Concluding remarks about how to apply this technique successfully when doing research

Exploratory factor analysis is an exploratory statistical technique that is used to identify underlying factors of variation among observed variables. It helps you break down your data into smaller, manageable pieces so you can better understand what it means and what it represents. Factor Analysis can be applied in many different ways depending on the needs of the researcher. This article has provided a brief overview of how this research method will help with psychology-related projects because it allows researchers to look for patterns between items or behaviors across individuals, but there are many other applications as well! The benefits might not always be clear at first glance, but once you get started exploring them they will become more apparent. For example, if all goes according to plan then after conducting an EFA one may be able to better understand the topic at hand, as well as determine which questions or factors should be focused on. The design and development of psychological assessments is an essential part of research and finding a way to reduce items down into what is most representative can help with this process.

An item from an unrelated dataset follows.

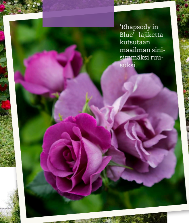
'Rhapsody in Blue' -lajiketta kutsutaan maailman sinisimmäksi ruusuksi.

Additionally, factor analysis allows one to “look beyond what we want and need to know and consider what we may not be able to know” (p. 168). In order to achieve this, one must “[identify] the questions that cannot yet be answered with these data, because the sample size is too small or because of other limitations in the design” (pp. 188-189). As noted by Fabrigar and Wegener (2012), “factor analysis represents a distillation of a set of variables into a smaller set of composite variables that, in some sense, optimally capture their relationship to one another” (p. 54). In short, it provides researchers with an opportunity to focus on the most relevant aspects of their data so they can start moving ahead with the project. This is not to say that additional variables cannot be added later with a larger sample, but it can help researchers narrow down what issues are most important and how they might best be investigated with their resources.

The goal of factor analysis is ultimately to summarize the correlations between some sets of variables more parsimoniously than by listing all of the coefficients.

By Muthali Ganesh

I am an engineer wih a masters in business administration from Chennai, India. I love discovering and sharing hacks.